Authors: Kanglin Yin; Qingfeng Du; Juan Qiu

Addresses: School of Software Engineering, Tongji University, 4800 Cao'an Highway, Shanghai, China ' School of Software Engineering, Tongji University, 4800 Cao'an Highway, Shanghai, China ' School of Software Engineering, Tongji University, 4800 Cao'an Highway, Shanghai, China

Abstract: The microservice architecture has already become the mainstream architecture pattern of web service applications in recent years. However, compared with traditional software architectures, the microservice architecture has a more sophisticated deployment structure, which makes it have to face more potential risks with greater diversity of fault symptoms. Microservice practitioners started to use the word 'resilience' to describe the capability of coping with different unexpected conditions.
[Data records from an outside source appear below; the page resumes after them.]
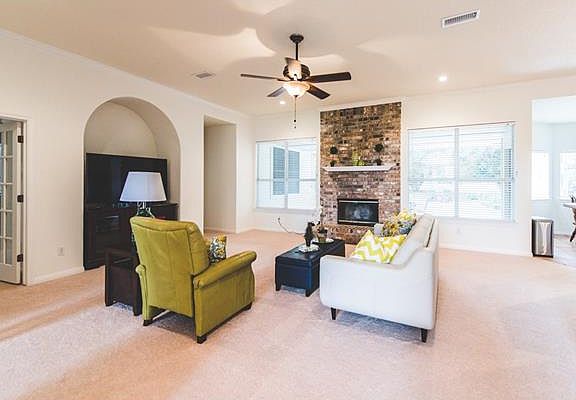 Desirable one-story Georgetown home on a beautifully landscaped 1 acre lot. Open floor plan with 4 bedrooms and 2 baths. Updated kitchen with granite counter tops and stainless steel trimmed appliances opens to a bright living room with brick fireplace. Spacious master bedroom and master bath with dual vanity, separate shower & jetted tub. Fresh paint & new carpet throughout makes this home move-in ready. Large patio, gorgeous private yard, detached air-conditioned office (or workshop), & 3-car garage. Quiet neighborhood, close to all Georgetown has to offer.
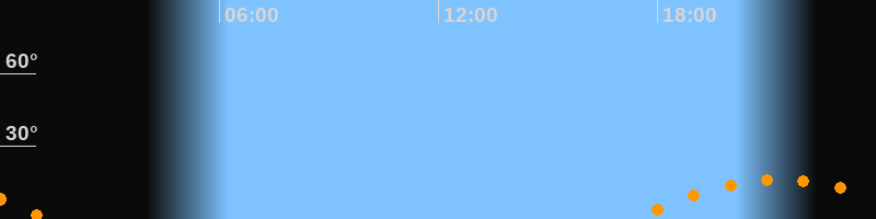 | Aufgang | 17:21 Uhr im Südosten (αAz = 127,5°) |
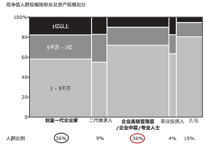 根據《2019財富報告》,在高淨值人群中,企業主占非常高的比例,且其身價上億的比例最高。其中,創富一代企業家與企業中高層(包括高級管理層、企業中層及專業人士)分別占比36%。
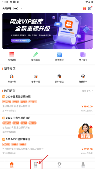 1、打開阿虎醫(yī)考類應(yīng)用,點擊底部題庫選項,進入題庫頁面。
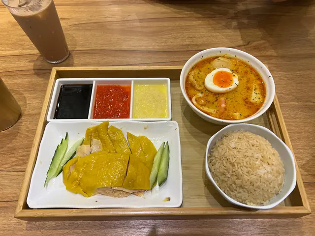 我同朋友叫咗一個海南雞飯,配喇沙米線,
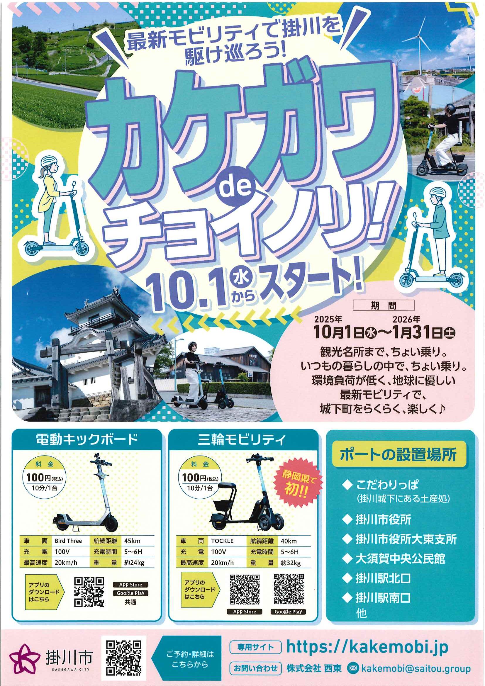 10月1日(水)から、掛川市内の主要場所に最新モビリティが設置され、観光名所🏯やお出掛け🛍️が便利になります🎵 いつもの暮らしの中で、ちょい乗り。環境負担が低 […]
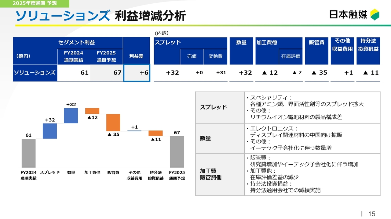 セグメント別に見ていくと、マテリアルズ事業では対前年で37億円の減益を予想しています。数量はSAPを中心に増加しますが、特殊エステルやAESといった海外事業の低迷によりスプレッドが縮小します。
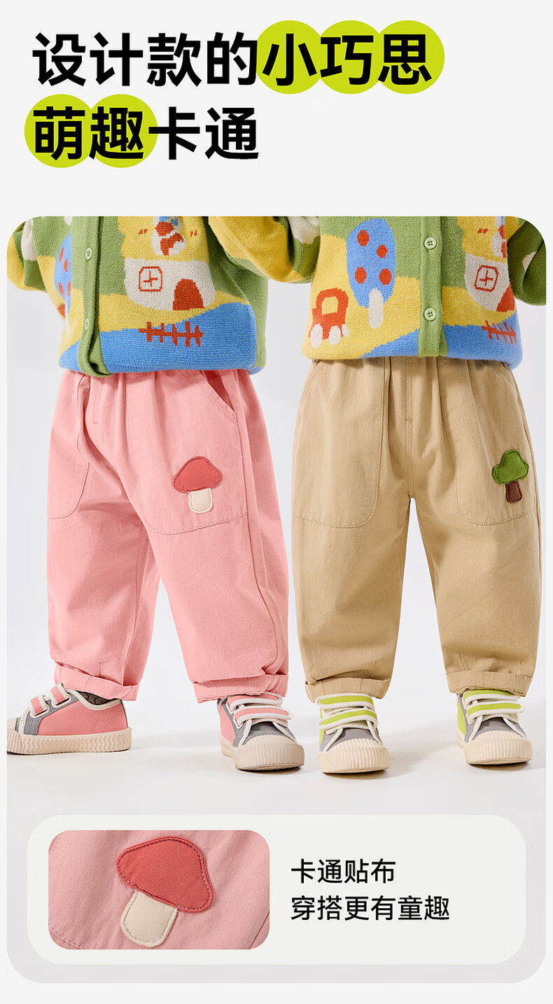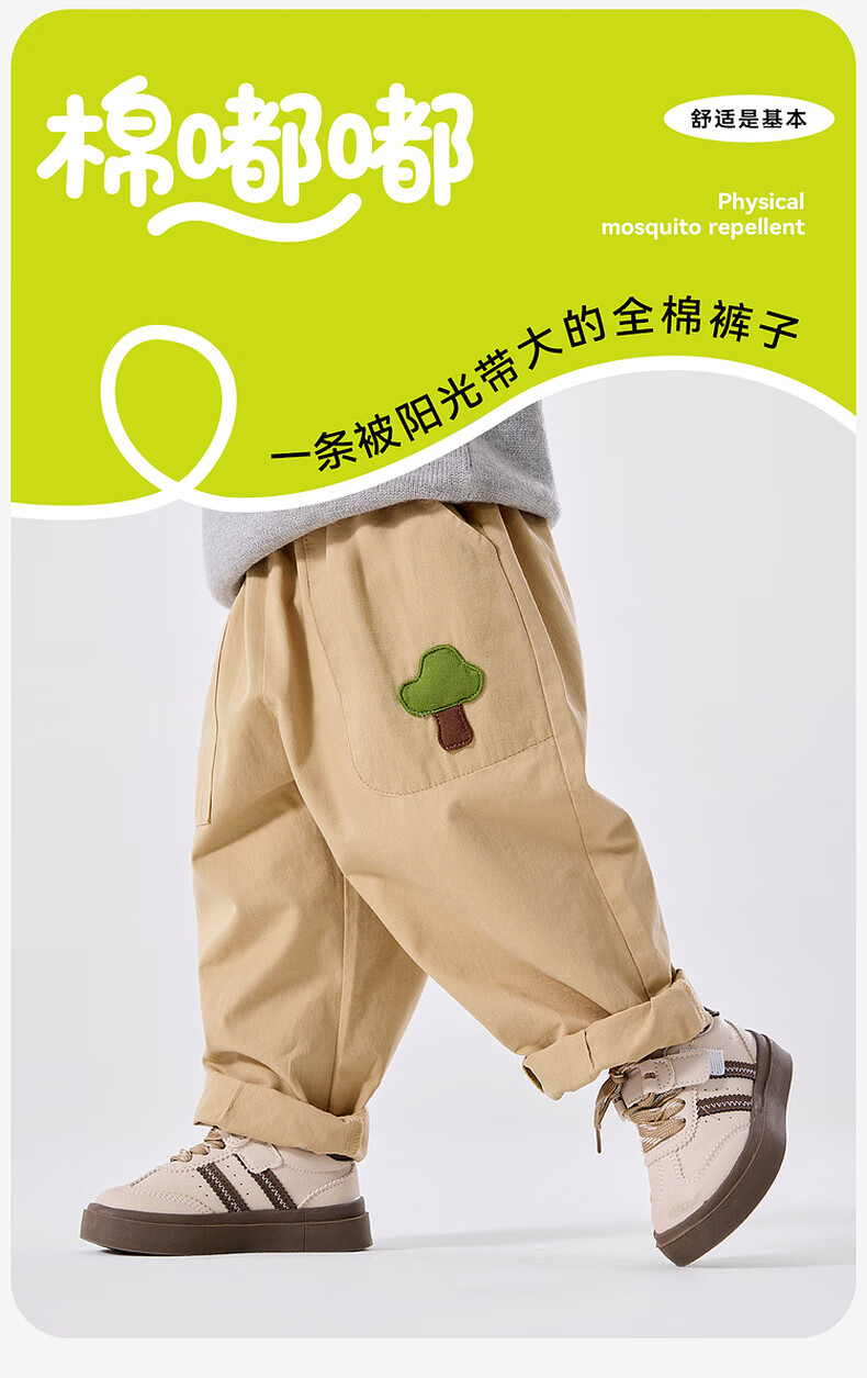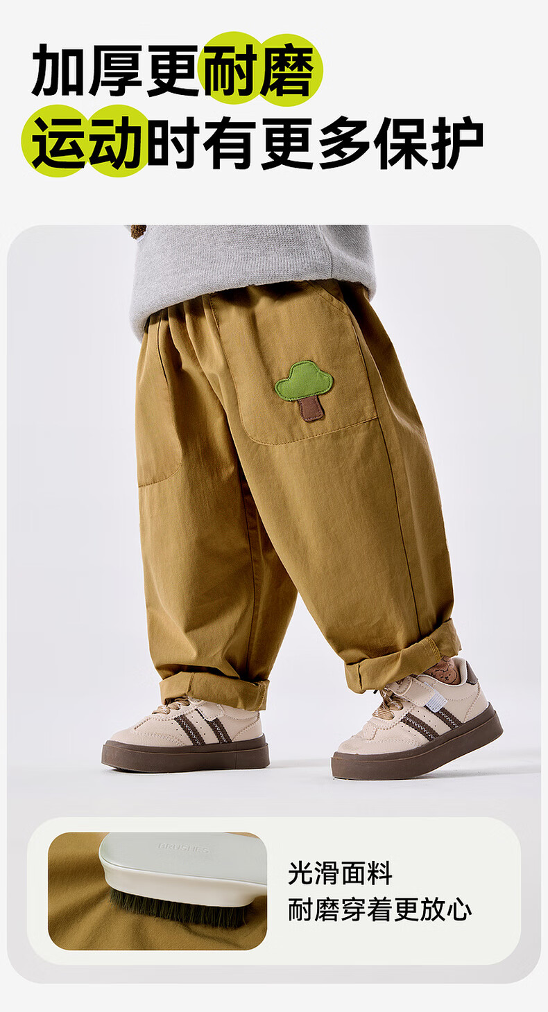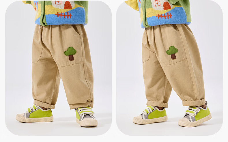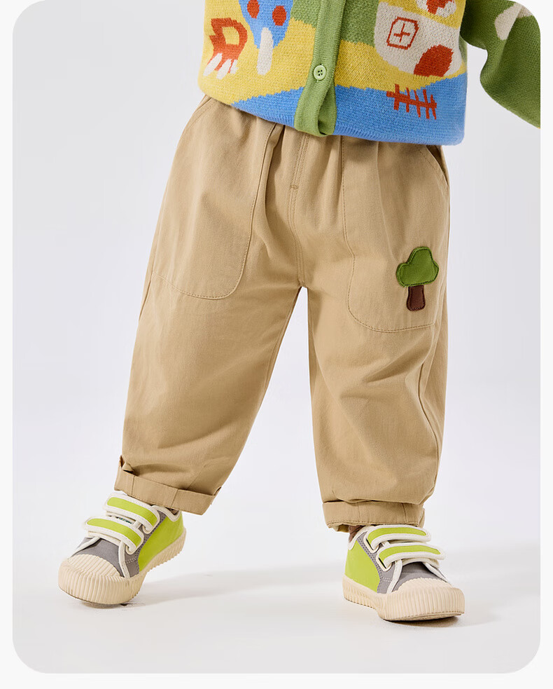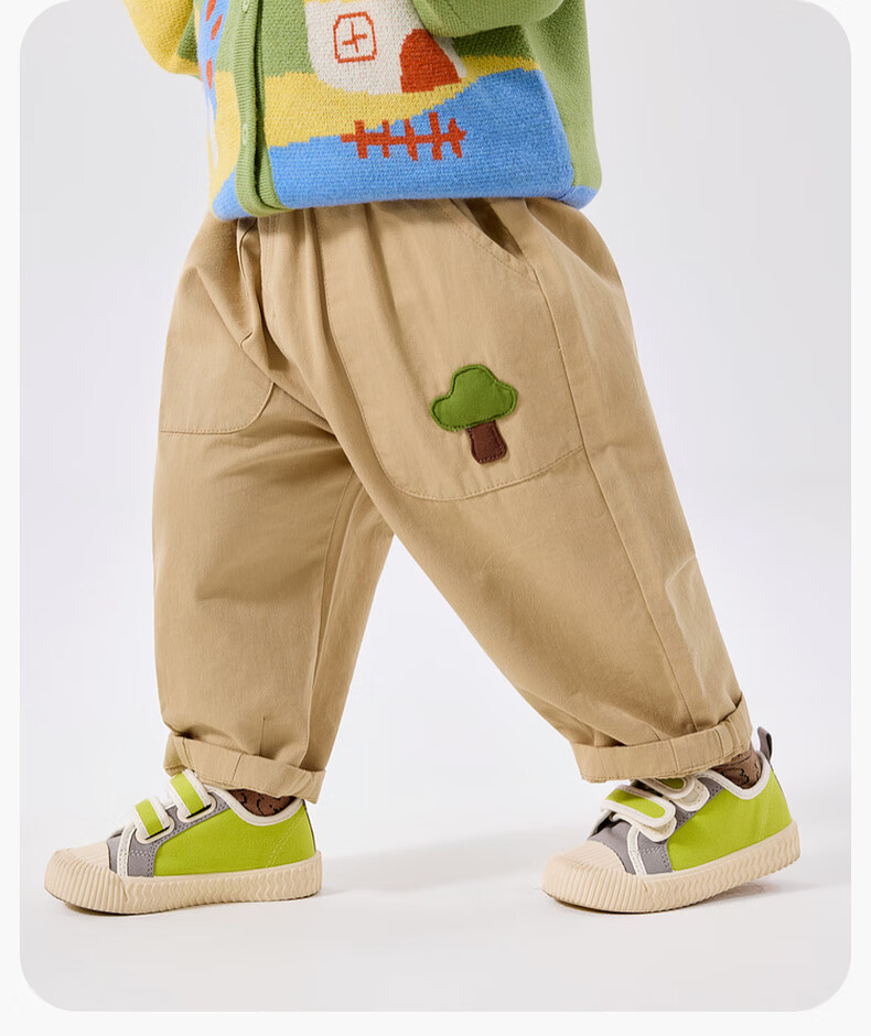 嘟嘟家宝宝裤子春春款儿童纯棉长裤春季男童卡通梭织裤女童休闲裤百搭潮 卡其色 90
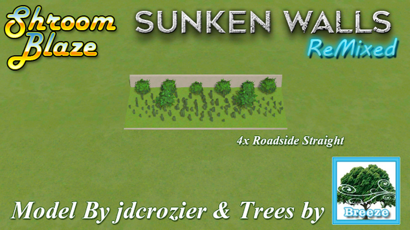 The Original Sunken Wall Collection was created by jdcrozier. I have taken his original assets and redecorated them using Breezes tree assets to give them a more side of the road wild country look. I have assigned these assets custom UI priorities and will show up in the pedestrian paths menu under parks & beautification with custom sleek thumbnails!
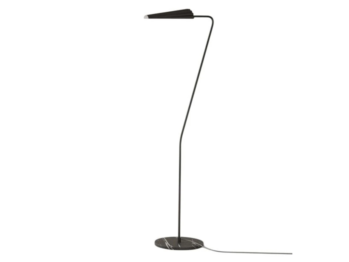 Лампа имеет металлическую трубчатую структуру, которая с одной стороны закреплена на мраморном основании, а с другой вставлена в плафон. Угол наклона между плафоном и ножкой – 30 градусов.

How to judge whether a system environment disruption is a risk of microservice resilience, and how to analyse resilience risks before the system is released, are the research questions in microservice development. As the practice of chaos engineering has solved the problem of resilience risk identification, this paper focuses on how to analyse identified resilience risks in microservice architecture systems, and a resilience risk analysis method is proposed. Based on performance monitoring data collected during chaos experiments, the analysis method uses the causality search algorithm to build causality graphs of performance indicators, and generates causality chains to system operators by the causality inference algorithm. The effectiveness of the proposed approach is proved by conducting a case study on a microservice architecture system.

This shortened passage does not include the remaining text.